ゲルマンのプリズムで見れば、「ニーベルングの指環」は、財政危機に陥った最高神ヴォータンの苦悩で始まる。居城を建設させた巨人族への報酬がない。巨人族の後ろには、ラインの娘たちから黄金の指環を奪って富を築いたアルベリヒがいる。英雄ジークフリートが現れてアルベリヒと戦うが、終局はすべて死で終わる。

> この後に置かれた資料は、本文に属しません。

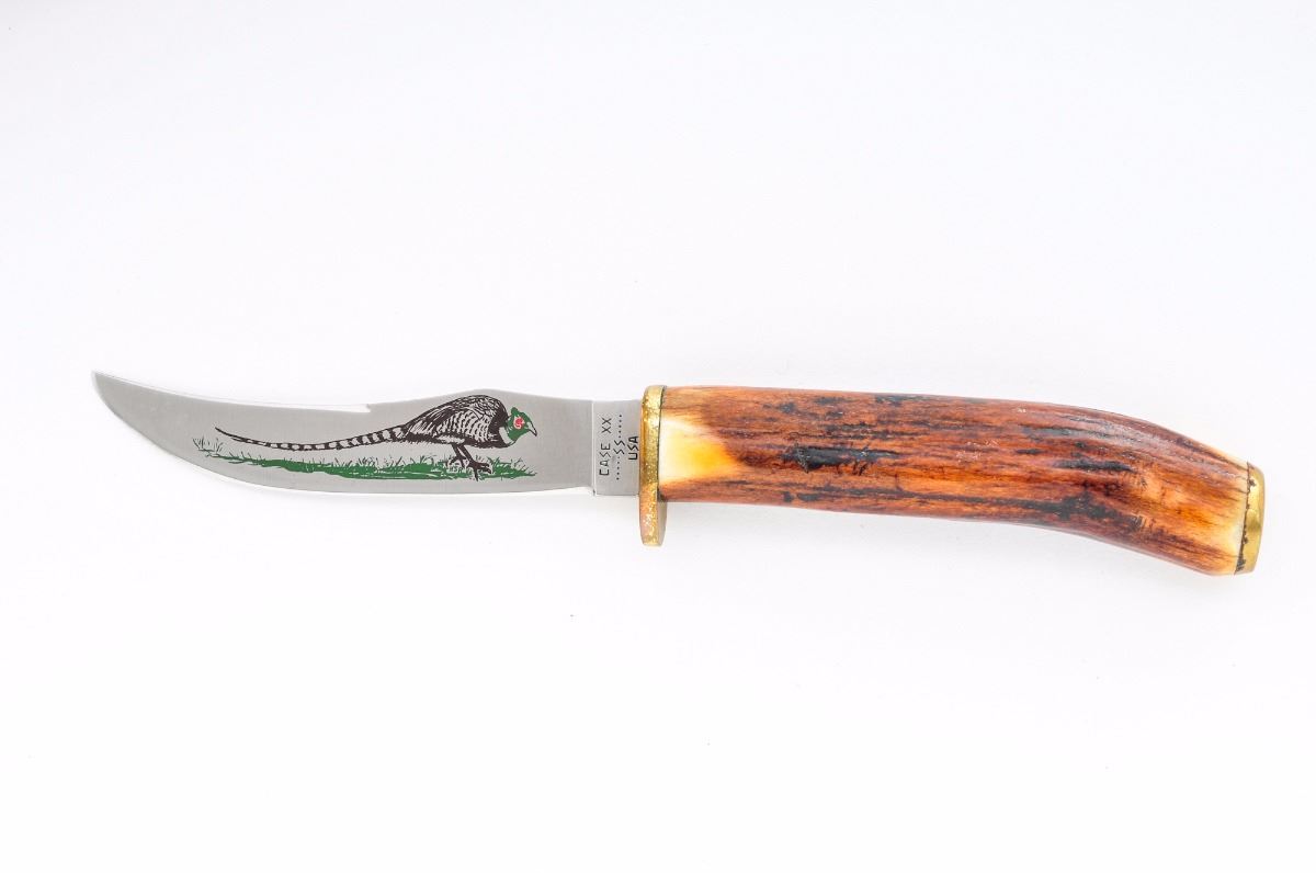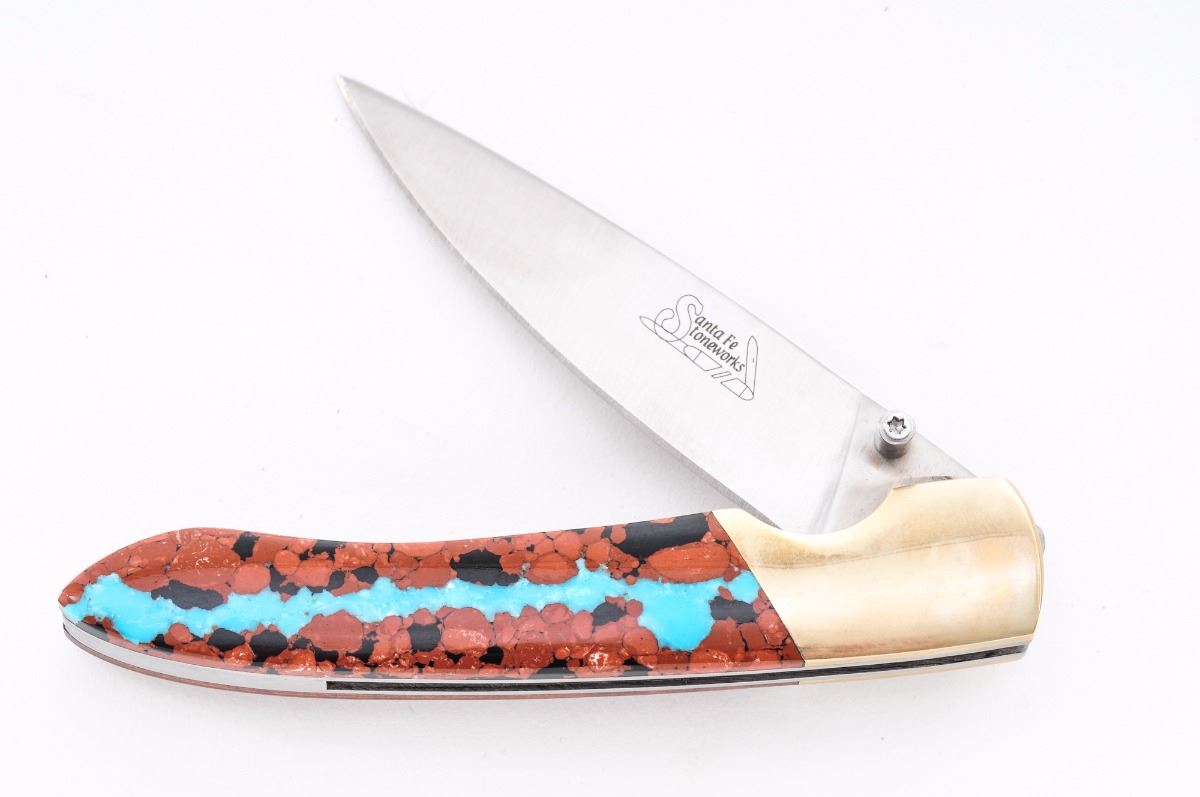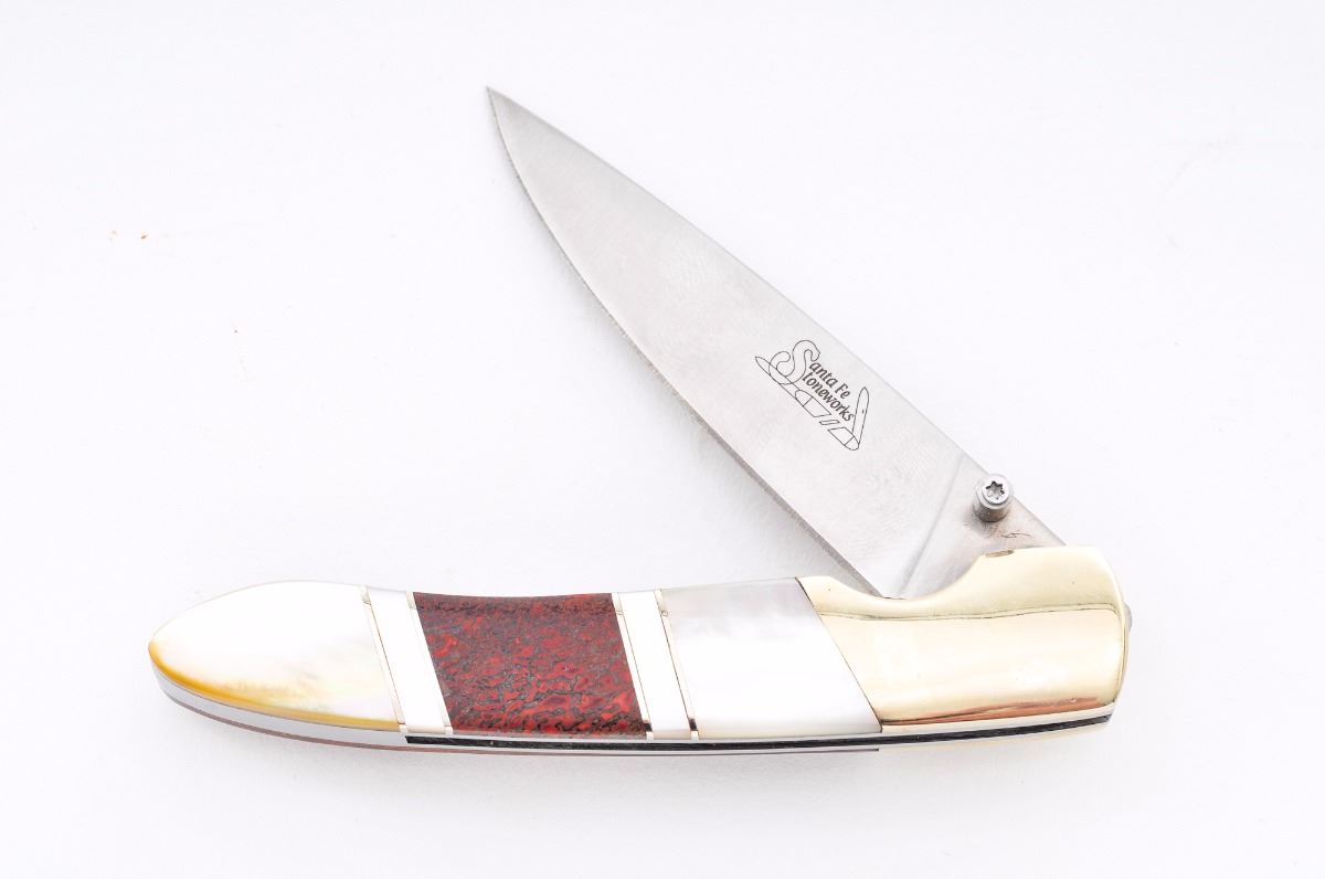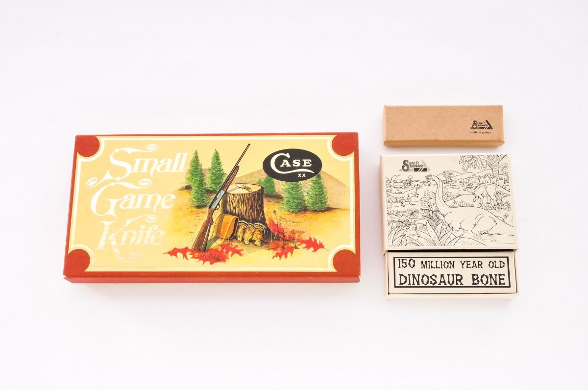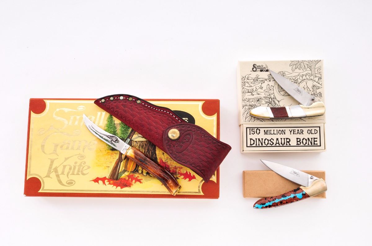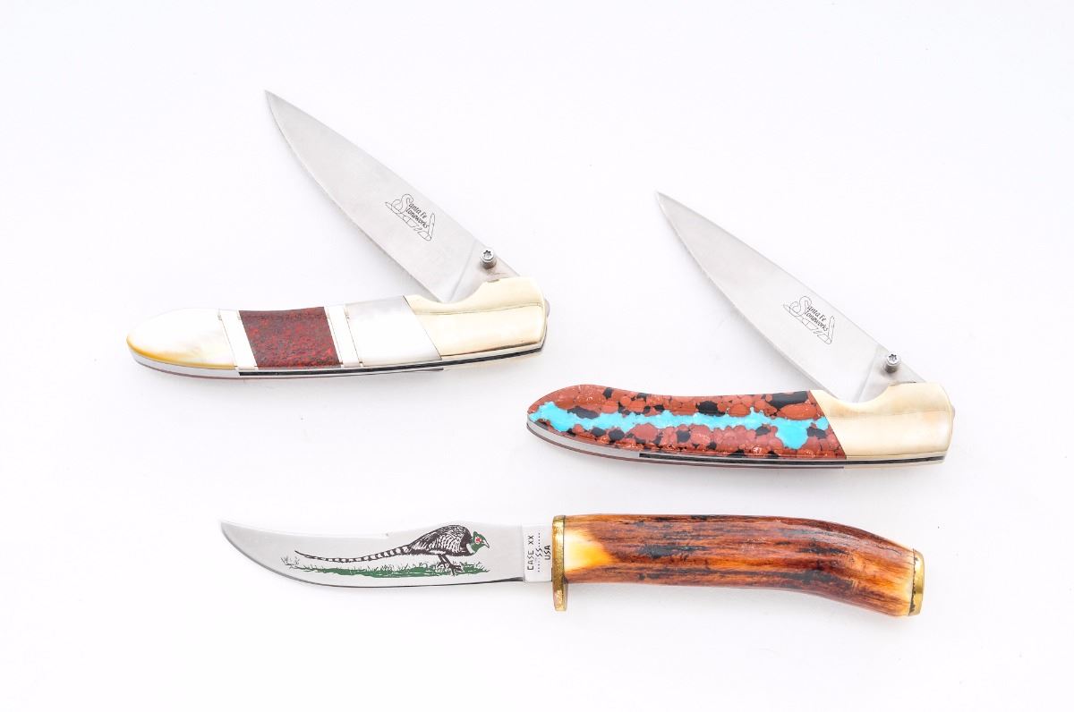 Lot of Three (3) Knives, by Santa Fe Stoneworks and Case: (1) Case Small Game Fixed Blade Knife, 3-1/4'' blade, one side with etched pheasant, 6-3/4'' overall, in original two-piece polychrome box, with leather sheath and owner's manual. (2) Santa Fe Stoneworks Liner-lock Folding Knife, 3'' blade, 4'' overall closed length, with dual thumb studs, nickel silver bolsters, and one grip made of smooth wood, and the other made of a combination of red and blue turquoise. In original box, with belt clip. (3) Santa Fe Stoneworks Liner-lock Folding Knife, 3'' blade, 4-1/8'' overall, nickel silver bolsters, dual thumb stud, one grip of smooth wood and the other grip of pearl and dinosaur bone. In original box with paperwork and belt clip. Condition to all is excellent, appearing as new. Bolsters on the folding knives with mild toning. Slipcover for the Case knife with some yellowing. Est.: $150-$250/lot.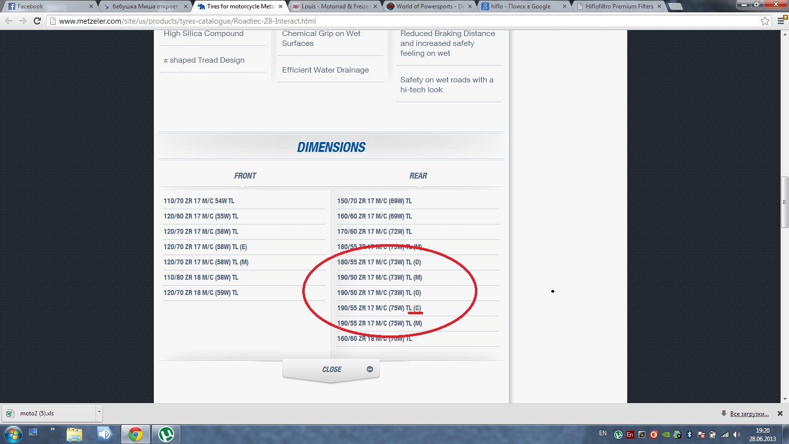 Действительно, в линейке Metzeler в группе Roadtec Z8 в размере 190/55-17, имеется баллон с дополнительными индексами M и С.

残忍なほど人為的で難解だが純潔なワーグナーのオーケストラは、ドイツの緊縮財政を表現しているようだ。共感能力がある「パルジファル」のように、ドイツが危機に瀕した国家に対して連帯意識を発揮して、借金を返すどころか構造調整を強要するのは、絶滅に追いやる傲慢だ。

だからといって手をこまねいて破局だけを待つ政治家は、無責任なデカダンスだ。ヒットラーのように強い、いや、扇動的なリーダーがまた登場するかもしれない。再び掲げた欧州旗の星は丸く指環の形をしている。ユーロが欧州を破滅させる指環として作用し、再びワーグナーの音楽的予言が世界をひっくり返すことになるか、誰が分かり得よう。

しかし、1929年の大恐慌の背後にユダヤ人がいるというヒットラー時代の扇動と、現在のユーロ圏の危機の背後にドイツがいるという主張には大きな違いはない。当時の反ユダヤ主義が正しくなかったなら、今の反ゲルマン主義も批判を受けて当然だ。あの時も今も変わらない事実は、理念よりも宗教よりも、強い政治的力は民族ということだ。韓国が「尹昶重(ユン・チャンジュン)スキャンダル」を国際的な恥と苦しむのも、民族意識のためだ。

いくら民族感情が高まっても、今のようなグローバル化時代に一国だけで解決できる問題は多くない。日本がアベノミクスを振りかざし、中国がチャイナドリームを掲げても、今この瞬間は韓国がより恐ろしくも、また誇らしい。これもナショナリズムなら仕方ない。